• **WHAT YOU NEED TO DO**
Copy the entries below word for word, minus the pictures.

Stored data entries:
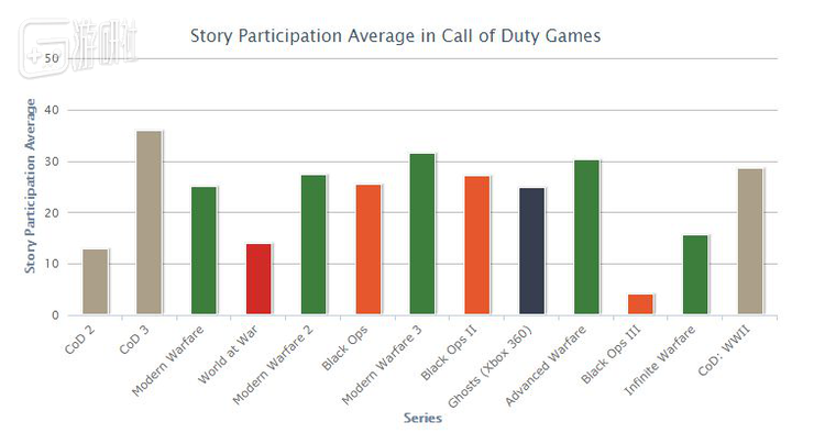 根据TrueAchievements公布的表格,单人战役进度平均值最高的是《COD3》,达到了36%;而《黑色行动3》最低,仅有4%。去年发售的《COD14:二战》达到了29%。单从数据来看,真正耐心打通单人战役的玩家并不多。而《黑色行动3》虽然单人战役进度平均值只有4%,但是这并不妨碍它成为2015年的畅销游戏。
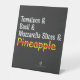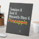 Respectez les pizzerias qui vendent de l'ananas sur des pizzas, mais à d'autres (et restaurants italiens qui gardent la cuisine italienne authentique) qui ne le font pas, n'ayez pas peur d'afficher FIÈREMENT ce guéridon avec les ingrédients de la pizza Margherita et le dernier croisé en texte jaune vif !
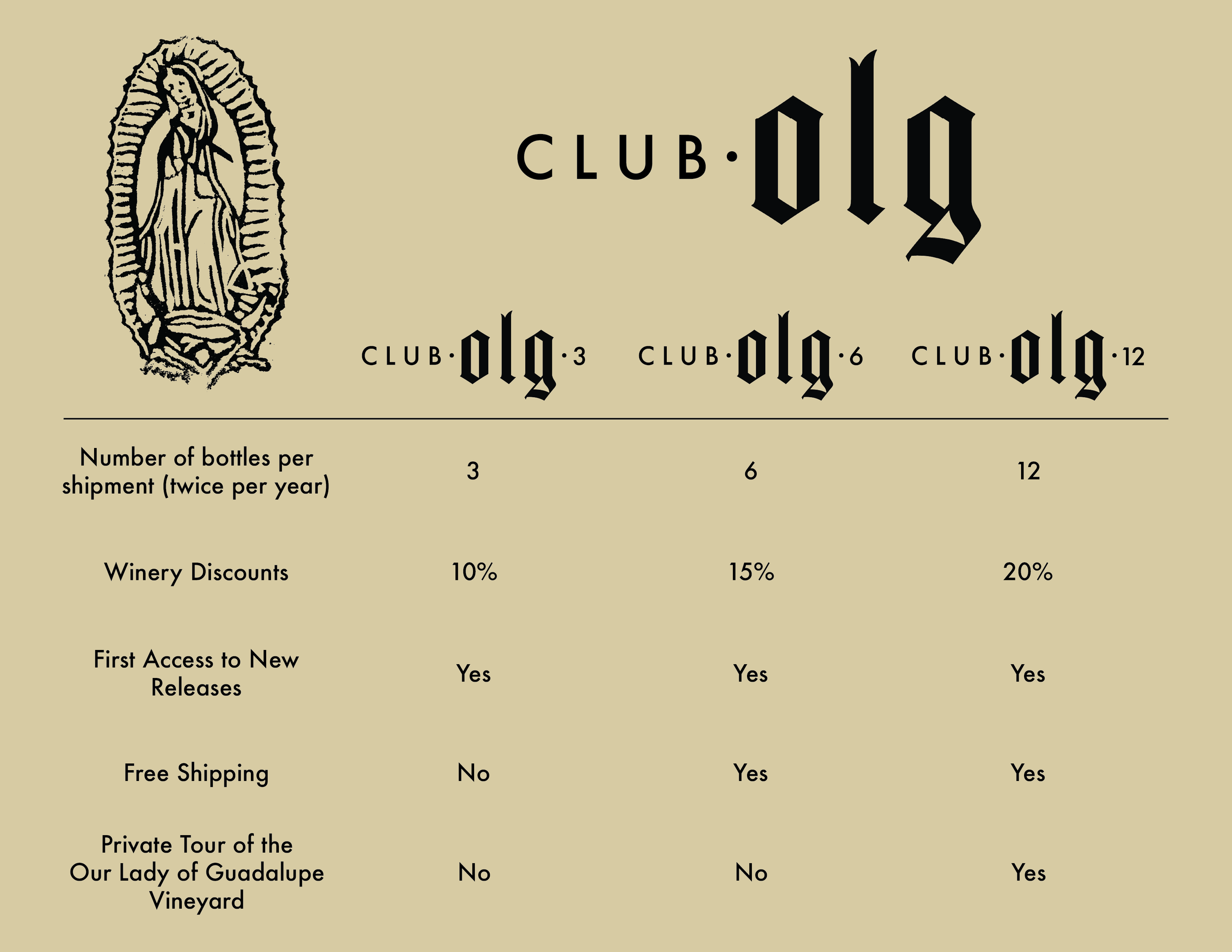 Once you receive the Club OLG Release email, log into your account and navigate to “Wine Club Orders”. You will then be able to customize the order as you see fit. Note, there may be some items that are required to be included in your shipment.
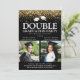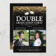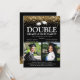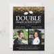Elegante invitación a una fiesta de graduación doble para una celebración conjunta - El diseño presenta un fondo negro de moda que se puede cambiar a cualquier color, decoración falsa de purpurina de oro, dos gorros de graduación de motarboard, una imagen de cada graduado en plantilla cuadrada y una plantilla moderna de tipo de letra blanco, que se puede personalizar fácilmente. ¡Celebremos a los niños!
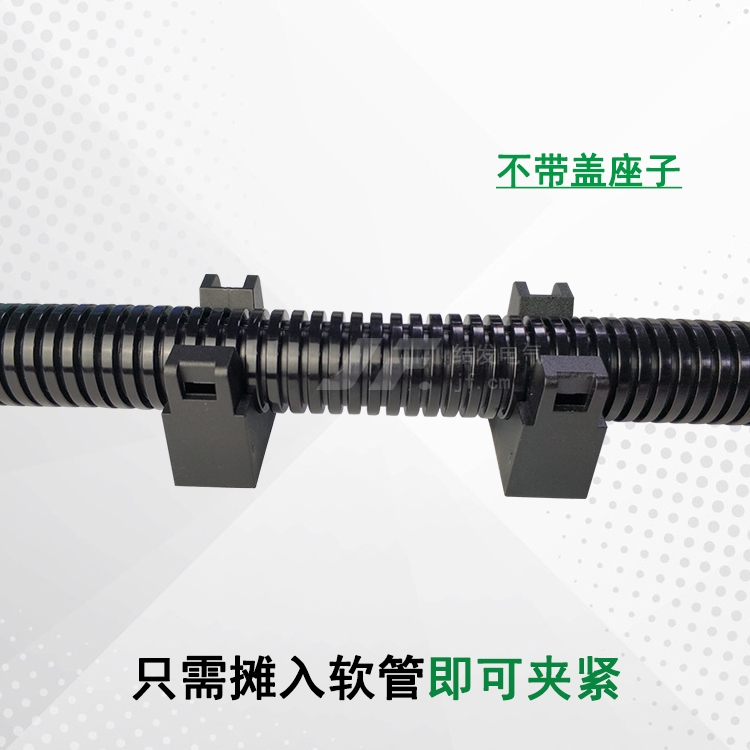 特性:快速而简便的安装方式,仅需按入波纹软管即可夹紧内部槽状结构使软管在纵向不可移动,而轴向仍可自由旋转节省空间,安全牢固
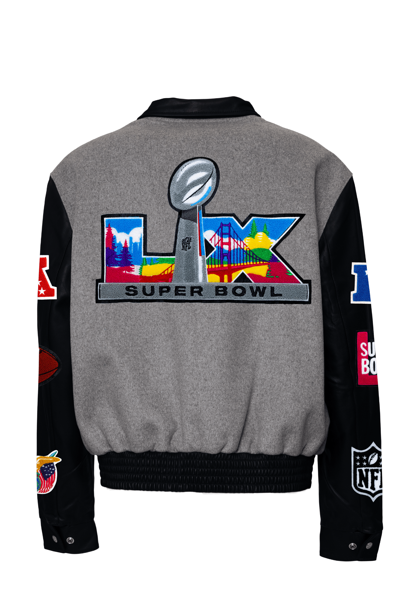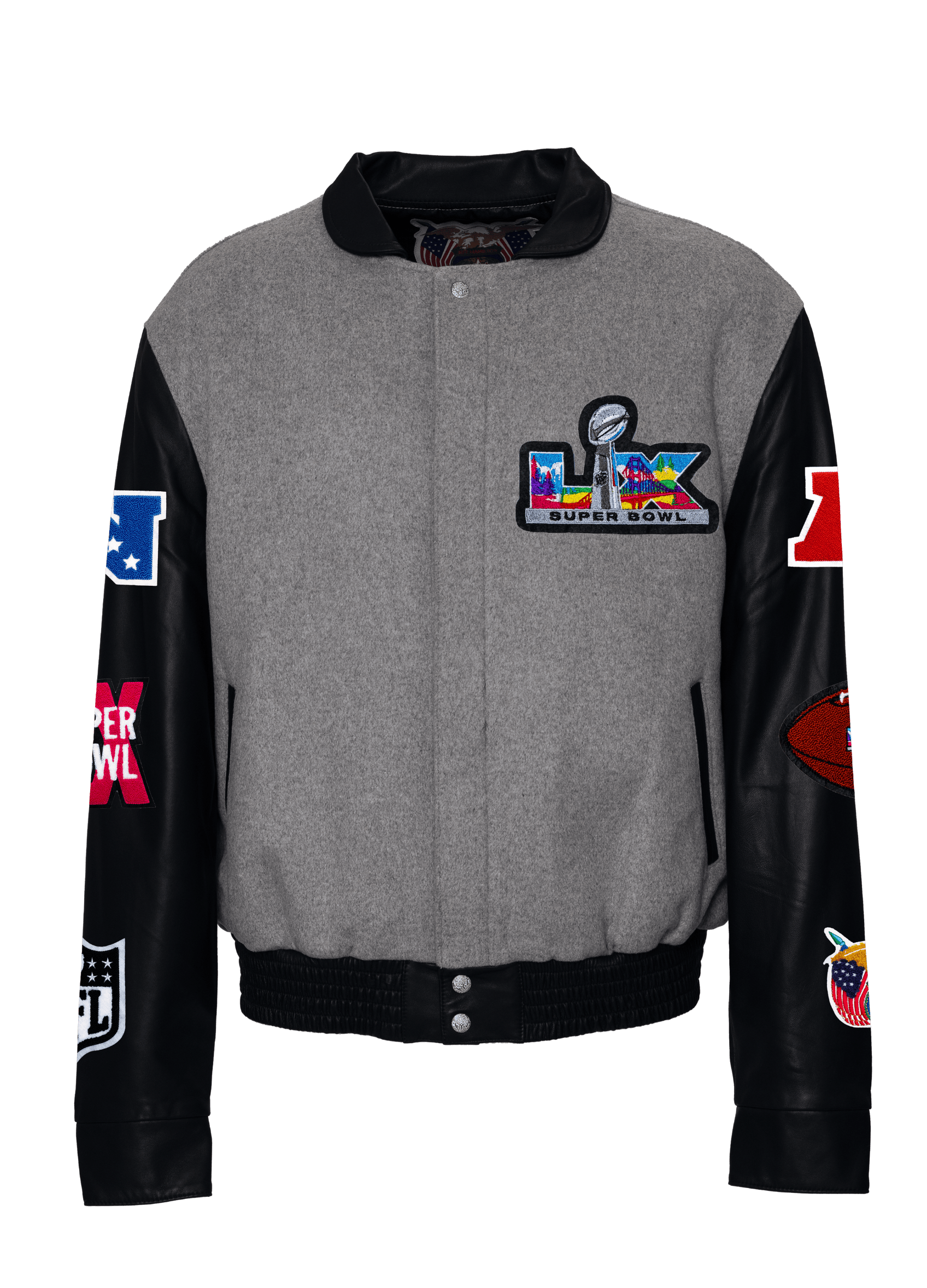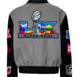 Super Bowl 2026 Wool & Leather Varsity Jacket Gray/Black
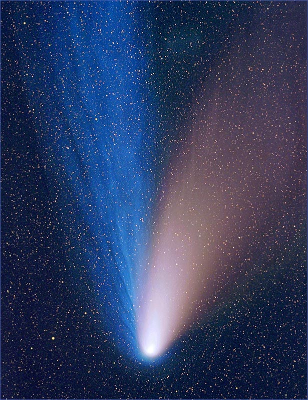 This color photo reveals both the reddish-cream color dust tail, and the many long blue streamers of the ion tail.
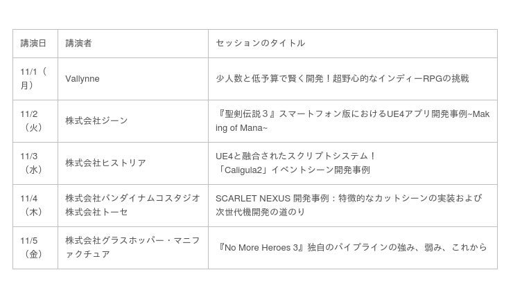 2014年から続いてきた公式Unreal Engine勉強会「Unreal Fest」は今年もオンラインで開催します。セッションは11月1日(月)~11月5日(金)まで毎日20時からゲームとノンゲームセッションが一講演ずつ公式Youtubeチャンネルでライブ配信します。ユーザ参加型企画「アンリアルクエスト2」は、「Unreal Fest」開催開始の11月1日(月)~11月6日(土)の期間、Discordチャンネルで開催、最終日には公式YouTubeチャンネルでライブ配信も行います。
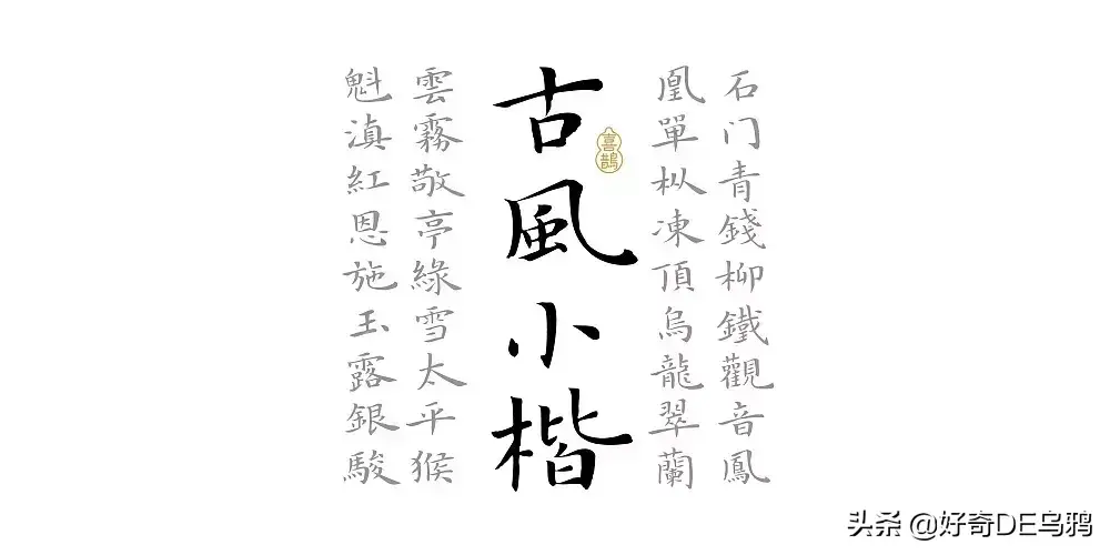喜鹊古风小楷字体介绍 :此字取法自王羲之《黄庭经》与王宠手书,有魏晋时代舒朗间架结构,亦糅合了王宠明清时代书卷气之点画特征,给人感觉干净如朗月皎洁,恬静如迎面清风。是一款味道十足的古风小楷体。
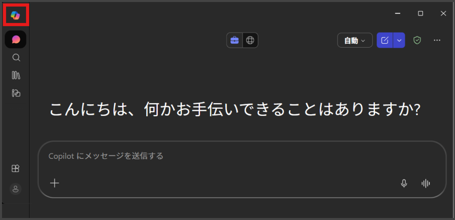まず、左上のCopilotのアイコンをクリックしてメニューを表示します。
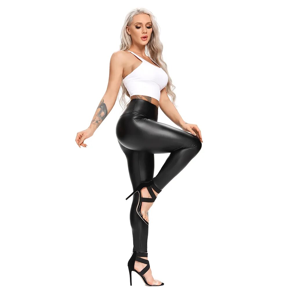 Elevate your style with these Women's Faux Leather High Waisted Leggings, designed to make a bold statement. Crafted from bold and supple PU leather, these leggings exude a sleek and modern aesthetic. The high-waisted design not only offers a chic look but also provides a comfortable and secure fit. With their elastic shaping and hip-enhancing design, these leggings are perfect for creating a flattering silhouette. Whether you're dressing up for a night out or looking for a casual yet striking addition to your wardrobe, these splicing leggings offer a versatile choice for fashion-forward women. Embrace the edgy and confident vibes they bring to your wardrobe and enjoy the tight, push-up effect that accentuates your curves. Stand out from the crowd with these stylish and attention-grabbing women's pants.
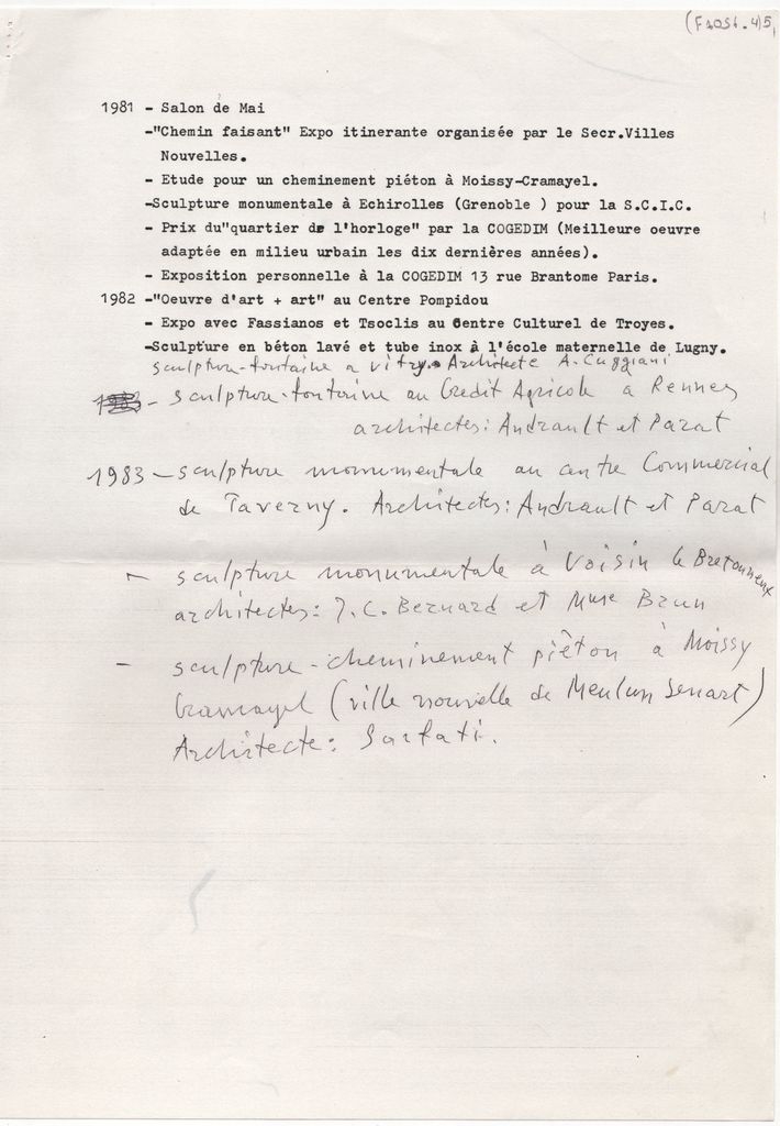 Φωτοαντίγραφο κειμένου, δακτυλόγραφο, με χειρόγραφες συμπληρώσεις, στα γαλλικά, σε χαρτί, 5 φφ, 29,8×21,0 εκ. Βιογραφικό σημείωμα του Φιλόλαου Τλούπα, όπου γίνεται αναφορά σε σπουδές, ομαδικές και ατομικές εκθέσεις και έργα του καλλιτέχνη.
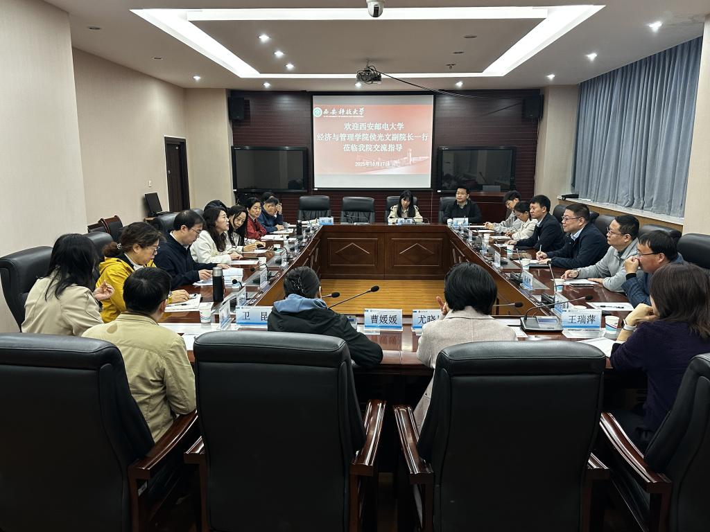 会议伊始,史玉芳对西安科技大学的发展历程与办学特色进行了介绍,重点阐述了管理学院在本科专业建设、微专业设置以及“人工智能+管理”融合发展方面的创新举措。侯光文介绍了西安邮电大学的发展历程及经济与管理学院的专业布局,重点分析了在2026版本科专业人才培养方案修订过程中专业建设存在的难点与改进方向。他表示,学院正积极推进专业群建设与产教深度融合,探索创新型人才培养模式。双方围绕专业优化、课程改革、协同育人机制等议题展开深入探讨,并就未来在联合科研、人才培养、实践教学等领域的合作方向达成初步共识。
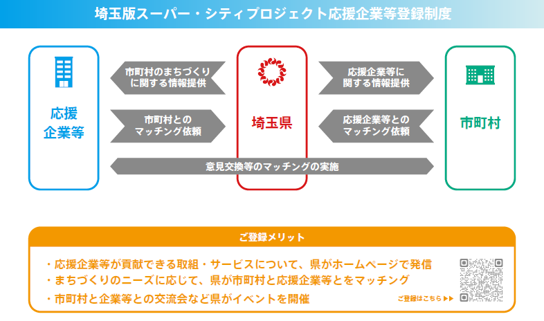 埼玉版スーパー・シティプロジェクト応援企業等登録制度は、プロジェクトの趣旨に賛同するとともに、プロジェクトの実現に資する知見、技術、アイデア等を持つ企業等を募集・登録し、市町村とマッチングを行うことを目的としています。

• **ANSWER SPACE**
 根据TrueAchievements公布的表格,单人战役进度平均值最高的是《COD3》,达到了36%;而《黑色行动3》最低,仅有4%。去年发售的《COD14:二战》达到了29%。单从数据来看,真正耐心打通单人战役的玩家并不多。而《黑色行动3》虽然单人战役进度平均值只有4%,但是这并不妨碍它成为2015年的畅销游戏。
 Respectez les pizzerias qui vendent de l'ananas sur des pizzas, mais à d'autres (et restaurants italiens qui gardent la cuisine italienne authentique) qui ne le font pas, n'ayez pas peur d'afficher FIÈREMENT ce guéridon avec les ingrédients de la pizza Margherita et le dernier croisé en texte jaune vif !
 Once you receive the Club OLG Release email, log into your account and navigate to “Wine Club Orders”. You will then be able to customize the order as you see fit. Note, there may be some items that are required to be included in your shipment.
Elegante invitación a una fiesta de graduación doble para una celebración conjunta - El diseño presenta un fondo negro de moda que se puede cambiar a cualquier color, decoración falsa de purpurina de oro, dos gorros de graduación de motarboard, una imagen de cada graduado en plantilla cuadrada y una plantilla moderna de tipo de letra blanco, que se puede personalizar fácilmente. ¡Celebremos a los niños!
 特性:快速而简便的安装方式,仅需按入波纹软管即可夹紧内部槽状结构使软管在纵向不可移动,而轴向仍可自由旋转节省空间,安全牢固
 Super Bowl 2026 Wool & Leather Varsity Jacket Gray/Black
 This color photo reveals both the reddish-cream color dust tail, and the many long blue streamers of the ion tail.
 2014年から続いてきた公式Unreal Engine勉強会「Unreal Fest」は今年もオンラインで開催します。セッションは11月1日(月)~11月5日(金)まで毎日20時からゲームとノンゲームセッションが一講演ずつ公式Youtubeチャンネルでライブ配信します。ユーザ参加型企画「アンリアルクエスト2」は、「Unreal Fest」開催開始の11月1日(月)~11月6日(土)の期間、Discordチャンネルで開催、最終日には公式YouTubeチャンネルでライブ配信も行います。
喜鹊古风小楷字体介绍 :此字取法自王羲之《黄庭经》与王宠手书,有魏晋时代舒朗间架结构,亦糅合了王宠明清时代书卷气之点画特征,给人感觉干净如朗月皎洁,恬静如迎面清风。是一款味道十足的古风小楷体。
まず、左上のCopilotのアイコンをクリックしてメニューを表示します。
 Elevate your style with these Women's Faux Leather High Waisted Leggings, designed to make a bold statement. Crafted from bold and supple PU leather, these leggings exude a sleek and modern aesthetic. The high-waisted design not only offers a chic look but also provides a comfortable and secure fit. With their elastic shaping and hip-enhancing design, these leggings are perfect for creating a flattering silhouette. Whether you're dressing up for a night out or looking for a casual yet striking addition to your wardrobe, these splicing leggings offer a versatile choice for fashion-forward women. Embrace the edgy and confident vibes they bring to your wardrobe and enjoy the tight, push-up effect that accentuates your curves. Stand out from the crowd with these stylish and attention-grabbing women's pants.
 Φωτοαντίγραφο κειμένου, δακτυλόγραφο, με χειρόγραφες συμπληρώσεις, στα γαλλικά, σε χαρτί, 5 φφ, 29,8×21,0 εκ. Βιογραφικό σημείωμα του Φιλόλαου Τλούπα, όπου γίνεται αναφορά σε σπουδές, ομαδικές και ατομικές εκθέσεις και έργα του καλλιτέχνη.
 会议伊始,史玉芳对西安科技大学的发展历程与办学特色进行了介绍,重点阐述了管理学院在本科专业建设、微专业设置以及“人工智能+管理”融合发展方面的创新举措。侯光文介绍了西安邮电大学的发展历程及经济与管理学院的专业布局,重点分析了在2026版本科专业人才培养方案修订过程中专业建设存在的难点与改进方向。他表示,学院正积极推进专业群建设与产教深度融合,探索创新型人才培养模式。双方围绕专业优化、课程改革、协同育人机制等议题展开深入探讨,并就未来在联合科研、人才培养、实践教学等领域的合作方向达成初步共识。
 埼玉版スーパー・シティプロジェクト応援企業等登録制度は、プロジェクトの趣旨に賛同するとともに、プロジェクトの実現に資する知見、技術、アイデア等を持つ企業等を募集・登録し、市町村とマッチングを行うことを目的としています。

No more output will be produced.